When Mr. Osterman got up to speak, he took a different tone. He didn’t talk about what a good man Mr. Bell was. He talked about what an outrage it was the way Mr. Bell died. He talked about how, in the absence of the U.S. Army, it fell to the men of the Nooksack Valley to protect their wives and children from what had happened to Mr. Bell. An example had to be made, he said.

“This is the new frontier. Like the great frontiersmen before us, we must defend what’s ours. It’s up to us to see that civilized justice is done.”

“Hear, hear!” shouted Mr. Harkness.

The room suddenly got loud, with everybody nodding his head and agreeing with his neighbor that what Mr. Osterman said was dead to right. The Indians had to know who was in charge. A proposal was made by Mr. Osterman that the men present should form the Nooksack Vigilance Committee—just as other frontier towns had done to uphold law and order. Mr. Harkness declared that the first order of business of the Nooksack Vigilance Committee was to make sure that Louie Sam paid for what he did to Mr. Bell. A plan took shape to set out that very day north to Canada to make sure justice was served against the renegade Indian—for nobody present was in a mood for assuming the Canadians would do what was right, what was needed.

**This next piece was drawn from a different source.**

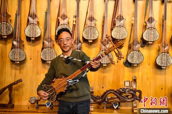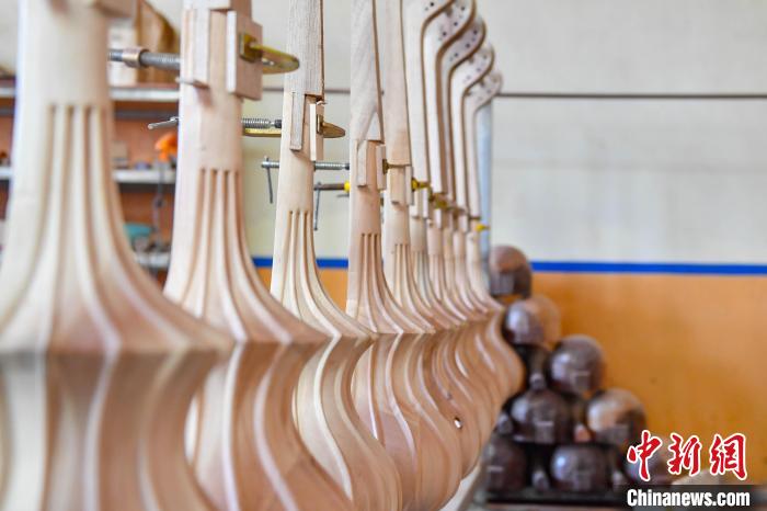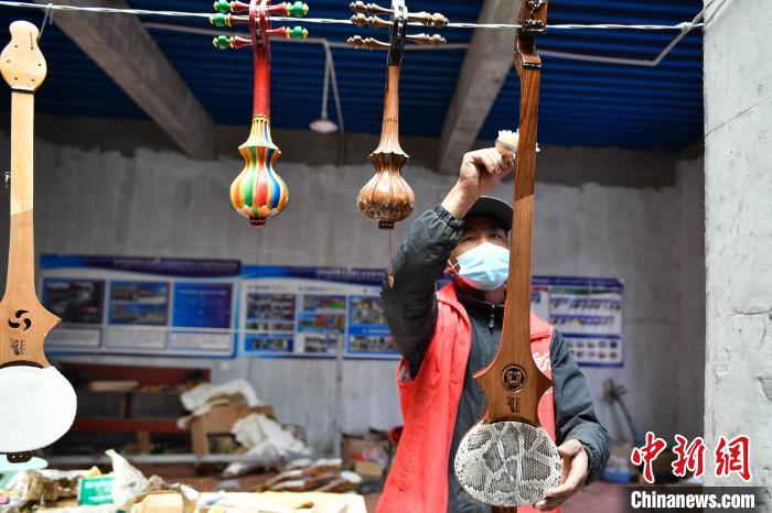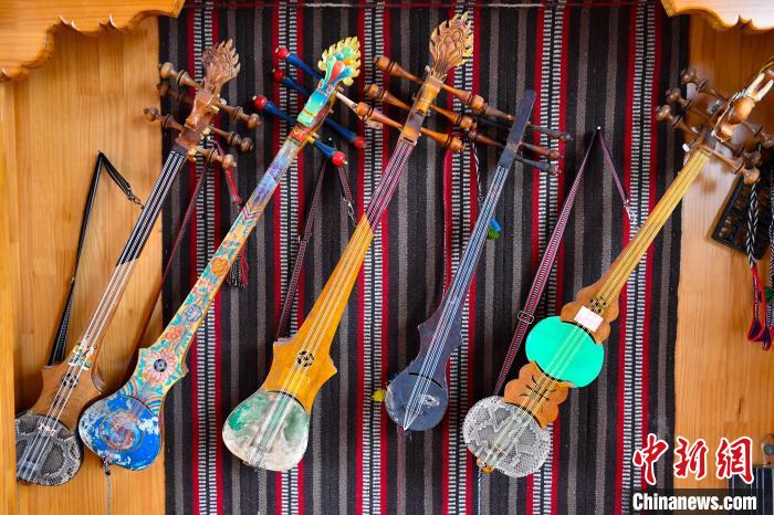 6月14日,記者走進西藏自治區(qū)日喀則市拉孜縣熱薩鄉(xiāng),探訪中國國家級非物質文化遺產“扎念琴制作技藝”的具體制作過程。扎念琴,又名六弦琴,是西藏傳統(tǒng)歌舞“堆諧”中最常用的彈撥樂器。扎念,藏語意為“悅耳動聽之聲”。在西藏,扎念琴深受廣大群眾喜愛。2014年,“扎念琴制作技藝”入選第四批中國國家級非物質文化遺產代表性項目名錄。據了解,扎念琴制作共有5道基本程序:第一步,將整根木材掏空,做成共鳴箱;第二步,制作中間空心的琴桿,裝上名為“卡杺”的面板;第三步,雕刻“馬頭”或“龍頭”形狀的琴頭,安裝在琴桿頂部;第四步,制作附在琴頭、呈半圓形、向后彎曲且中間開有弦槽的扎念弦軸。最后一步,挑選羊腸、牛筋、絲線等不同材料來制作琴弦。扎念琴制作技藝的特別之處在于,為了琴身的美觀,初制后還要通過雕刻馬頭、龍頭、火焰等形狀作為裝飾,讓扎念琴更具特色。圖為制作完成的扎念琴。貢確 攝

For the first time, Father spoke up.

“According to Mr. Breckenridge,” he said, “Sheriff Leckie and the Canadian justice of the peace have gone to Sumas to make the arrest. We should wait until the sheriff comes back. See what he has to say about the situation.”

“Maybe that’s how things are done where you come from, Mr. Gillies,” replied Mr. Osterman, “but we need surer justice!”

“And swifter!” It was Dave Harkness talking now. Pete was at his elbow, puffed up—trying to look like as big a man as his pa. “Why wait? That Indian needs his neck stretched.”

“Hold on a minute,” said Mr. Stevens, Abigail’s father. “They got procedures across the border. We could find ourselves in an international incident if we act out of turn.”

“It was one of us that was killed,” called out Mr. Harkness. “It should be us that settles it!”

Everybody was talking and shouting at once now, smelling blood.

“But what if he’s holed up with the Sumas?” said Mr. Hopkins. “There’s hundreds of them. You think they’re going to just let us waltz in and take one of their own away?”

“Then we’ll show them we got the numbers to stand up to them!” shouted Mr. Harkness.

“We should dress up like warriors!” Mr. Breckenridge called out. “Give those savages a taste of their own medicine!”

There was mayhem now, everybody talking so loud as to wake up even poor Mr. Bell. Mr. Osterman got up on Mrs. Hauser’s table and held up his hands to quiet them down.

“Spread the word to those who aren’t here. We meet at The Crossing at nightfall.”

“Wait!” It was Father speaking. Suddenly, all eyes were on him. “I’d like to hear what Mr. Moultray has to say about this expedition.”

Everyone turned to Bill Moultray, the richest man among them and the one who holds the most weight. His brow was furrowed, like he was giving serious consideration to what was being proposed.

“Well, Bill?” said Mr. Osterman. “What do you say?”

You could hear a pin drop as the men waited for his blessing.

“I say,” he pronounced at last, “that this is the time for every man to stand up and do what’s right.”

And so it was agreed. The Nooksack Vigilance Committee would set out that night in disguise and under the cover of darkness to find Louie Sam, and avenge the death of James Bell.